Tous ces actes ont fait l'objet d'une enquête interne. Des " rappels déontologiques " ont eu lieu. Une " mission d'évaluation " a été lancée. Un nouvel adjoint au chef de sûreté a aussi été nommé, en septembre 2013. Mais au final, aucun de ces dérapages n'a abouti à des sanctions disciplinaires ou pénales comme le permet la loi.
Après avoir consulté ses juristes, la SNCF a conclu que le SMS ayant été réalisé dans " la sphère privée ", il ne pouvait aboutir à une sanction disciplinaire ou à une saisine du parquet. La diffusion de chants nazis, elle, a manqué de témoignages. La SNCF dit n'avoir réussi à en recueillir qu'un seul. Insuffisant à ses yeux pour engager des actions. Seul un cas de violences d'un agent de la SUGE sur un voleur d'origine maghrébine a entraîné le retrait immédiat de cet employé. Mais cette fois, c'est le parquet qui n'a pas suivi la SNCF et n'a pas engagé de poursuites.

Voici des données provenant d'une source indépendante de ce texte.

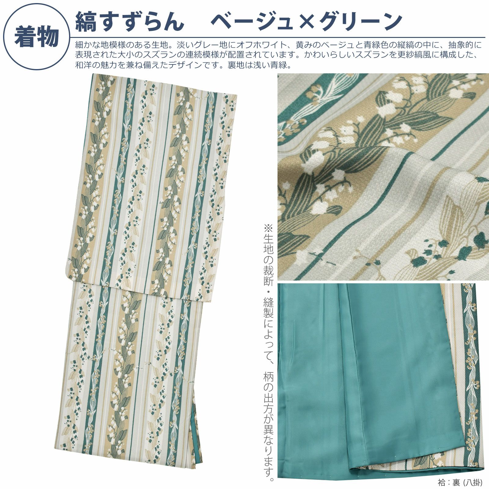 他の画像を見る 送料無料 【2023-2024年新作】KIMONOMACHI オリジナル!きもの福袋 個性派洗える着物 レトロモダン 古典柄 アンティーク着物風 洗える着物 セット「袷着物:縞すずらん ベージュ×グリーン+京袋帯:青緑色 九官鳥」KIMONOMACHI オリジナル 着物と帯と帯揚げと丸ぐけの4点セット サイズS/M/L/LL 2023-2024新作 コーディネート済み着物セット 小紋 レディース キモノ【メール便不可】 きもの町価格 ¥ 30,690 税込 在庫切れ 詳細を見る お気に入りに登録する
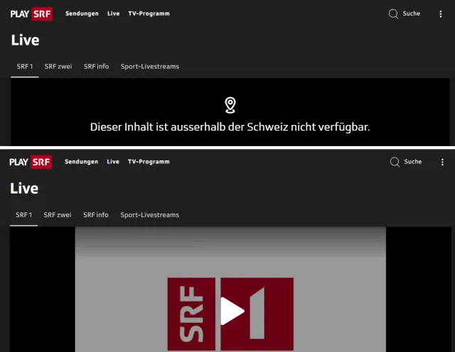 Bild 8: Geoblocking umgehen und im Urlaub SRF 1 sehen – oben ohne VPN, unten mit

Les accusations d'impunité dont jouirait le racisme à la SNCF font toutefois bondir ses cadres dirigeants. " Nous sommes furieux car nous estimons en conscience avoir été juste et suffisamment sévère ! ", explique aujourd'hui au Monde Stéphane Volant, secrétaire général de la SNCF. " Nous avons une police ferroviaire mais nous n'exerçons pas notre propre justice ", dit-il, précisant être, dans ce type de dossiers, contraint par la jurisprudence, les parquets et la nécessité de ne pas risquer le " désaveu ", notamment aux prud'hommes. " Nous devons être très attentifs aux preuves et aux aveux plus qu'aux rumeurs ", plaide-t-il.
Depuis 2005, la SNCF estime par ailleurs s'être dotée d'un grand nombre d'outils pour lutter au maximum contre les dérapages. Elle a notamment créé une " direction de l'éthique ". Un service consacré à la gestion des " alertes " des employés sur des comportements " inappropriés " : le plus souvent des faits de harcèlement, d'homophobie ou plus largement de discrimination. Depuis 2012, n'importe quel agent de la SNCF peut la saisir, y compris par mail – autrefois cette démarche ne pouvait passer que par les manageurs.

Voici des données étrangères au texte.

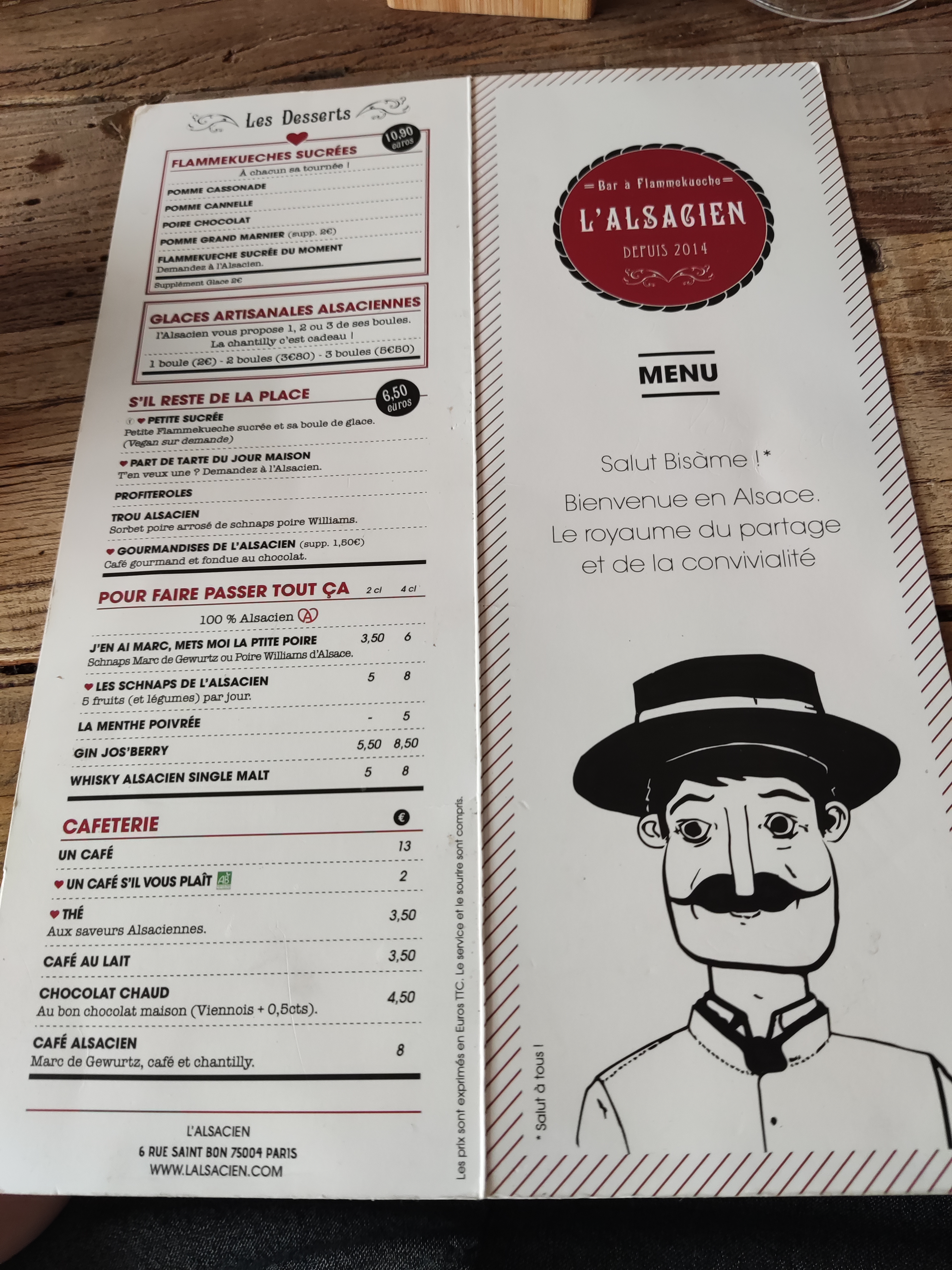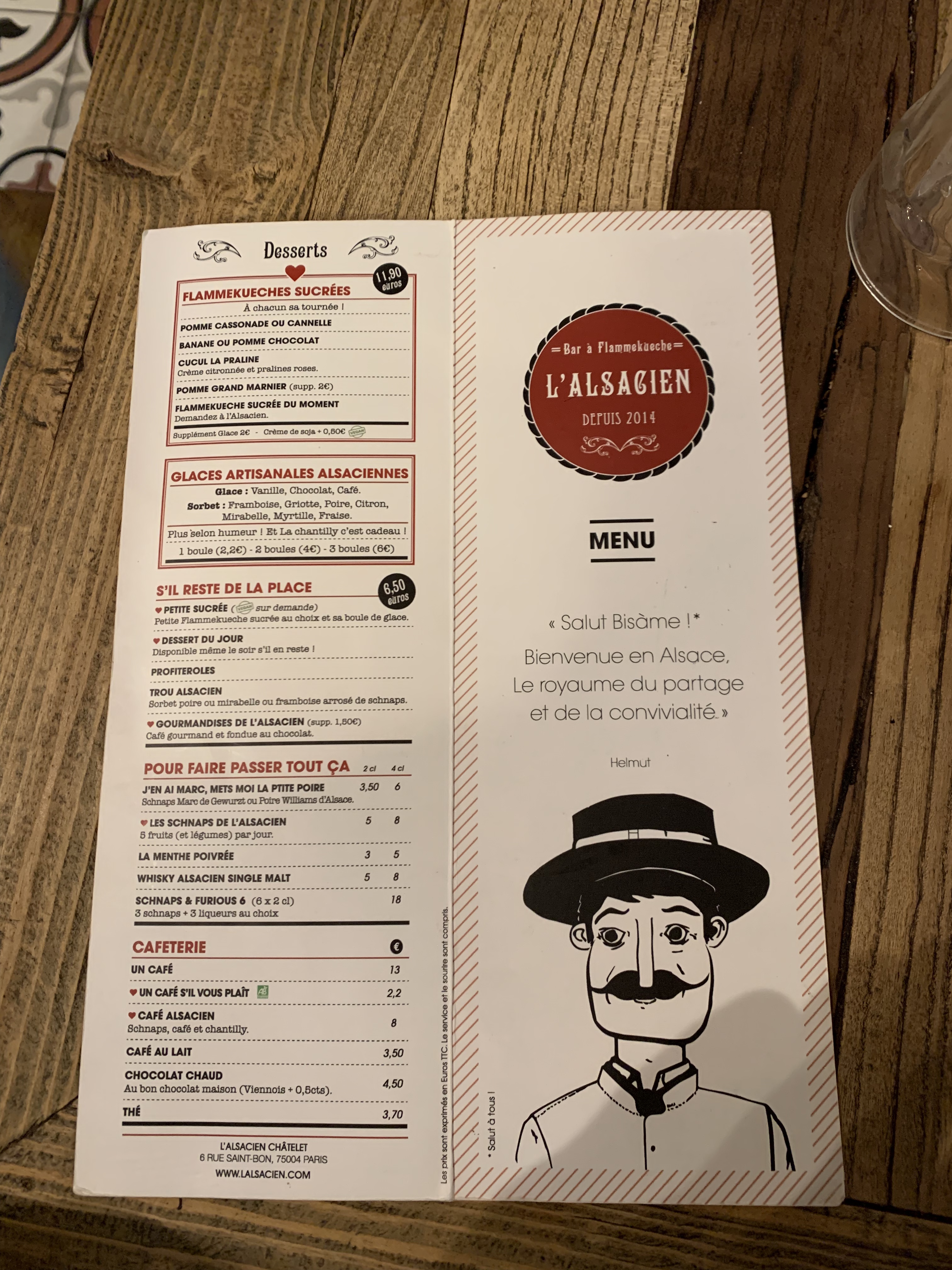 Cher jerome H , C'est toujours un grand plaisir pour nous de lire que nos clients rentrent chez eux avec de si bons souvenirs et nous vous remercions pour le temps que vous avez consacré à partager votre expérience personnelle avec nous et les usagers du site. Nous sommes encore plus heureux de voir que vous avez apprécié nos spécialités alsaciennes ! On espère vous revoir bientôt pour partager des planches de charcuterie ensemble ! L'Alsacien Châtelet , on y est bien, on y revient. Bisous et Flammekueche

Chez le Défenseur des droits, on estime à ce titre que la direction de la SNCF n'est pas forcément directement en cause, son comportement étant, sous d'autres aspects, exemplaire. En 2004, l'entreprise a ainsi été parmi les premiers signataires de la charte de la diversité, un texte qui contraint à mettre en place en interne des actions de sensibilisations contre les discriminations. " Le problème de la SNCF, c'est plutôt qu'elle a un fonctionnement très déconcentré et que la sensibilité en région n'est pas toujours la même qu'à Paris ", décrypte-t-on chez M. Baudis. D'où l'initiative d'une visite de terrain, à Montpellier, le 24 janvier.

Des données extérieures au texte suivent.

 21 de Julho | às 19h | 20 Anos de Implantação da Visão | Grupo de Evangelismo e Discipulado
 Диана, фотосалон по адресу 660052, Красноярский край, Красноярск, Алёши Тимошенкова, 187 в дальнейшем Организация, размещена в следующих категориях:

Au siège de la SNCF, même si on nie les reproches faits par Mediapart, on dit toutefois prendre très à cœur cette affaire. Autant pour des questions d'image qu'à cause de la " sensibilité en interne, chez nos clients, et plus largement dans la société des questions de discriminations ". " Nous sommes une entreprise plus emblématique que d'autre ",estime-t-on. Afin d'attester de sa bonne foi, M. Volant annonce avoir d'ores et déjà pris rendez-vous, fin janvier, avec M. Baudis pour " balayer l'ensemble des procédures internes ". " Nous allons voir s'il n'y a pas eu un manque de vigilance quelque part et comment être plus juste, plus vite et plus fort ", déclare-t-il.
Dans cet esprit, plusieurs mesures devraient être prises dans les prochains mois. Les formations initiales en déontologie des nouveaux agents de la SUGE – soit 2 700 personnes au total – devraient voir leur quota d'heures doublé. Dans le cadre de la formation continue, une nouvelle sensibilisation devrait être " dispensée avant l'été "pour les agents déjà en poste. Tous se verront à cette occasion distribuer une carte professionnelle qui mentionne leurs " droits et devoirs " sur le terrain.